O suspeito foi localizado na zona rural da região após o cumprimento de um mandado de prisão preventiva expedido pela Justiça. Até então, ele era considerado foragido. Após a captura, foi encaminhado à sede da Delegacia Geral, em Jacarecica, em Maceió, onde permanecerá à disposição do Poder Judiciário.

O crime aconteceu em 6 de dezembro de 2024, após uma confraternização escolar realizada em uma chácara da família do investigado, no povoado Poção, zona rural de Coité do Noia. O caso ganhou ampla repercussão nos últimos meses, principalmente após o pai da vítima denunciar as graves sequelas neurológicas deixadas pelas agressões e cobrar uma resposta das autoridades.

De acordo com a investigação da Polícia Civil, Maria Daniela foi vítima de violência sexual, agressões físicas e asfixia. Ela sofreu traumatismo craniano grave, permaneceu em coma por cinco dias e, desde então, enfrenta limitações permanentes, necessitando de acompanhamento médico e tratamento especializado.
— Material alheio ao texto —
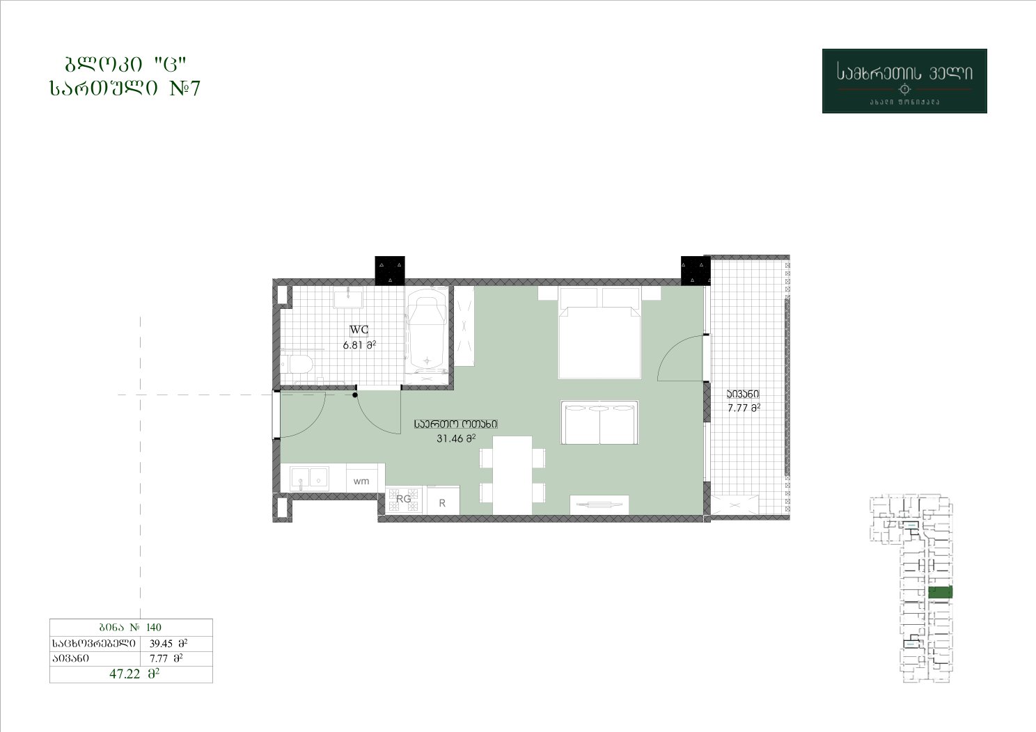 2.მისაღები ოთახი/სტუდიო: 31.46 კვ.მ

Os exames toxicológicos realizados durante a investigação identificaram a presença de cinco substâncias no organismo da vítima: Diazepam, Fenitoína, Haloperidol, Nordiazepam e Prometazina. Segundo a polícia, esta última possui efeito sedativo e pode ser utilizada para facilitar a prática de crimes sexuais.

O laudo médico também concluiu que a jovem sofreu privação de oxigênio por tempo suficiente para provocar lesões cerebrais irreversíveis, comprometendo significativamente sua autonomia.
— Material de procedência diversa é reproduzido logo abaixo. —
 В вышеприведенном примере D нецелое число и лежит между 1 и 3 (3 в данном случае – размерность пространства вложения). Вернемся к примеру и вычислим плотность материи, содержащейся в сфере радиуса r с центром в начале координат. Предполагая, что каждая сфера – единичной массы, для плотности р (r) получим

Durante o inquérito, Victor Bruno negou qualquer participação no crime. Em manifestações públicas anteriores, o pai do investigado afirmou que a jovem teria passado mal enquanto estava na companhia do filho e alegou que ele prestou socorro à vítima. Também sustentou que o rapaz não fazia uso de bebidas alcoólicas e que, caso Daniela tenha ingerido álcool, isso não teria ocorrido ao lado dele.

Com a prisão preventiva cumprida, a Polícia Civil dará continuidade aos procedimentos do inquérito, enquanto o suspeito permanecerá à disposição da Justiça.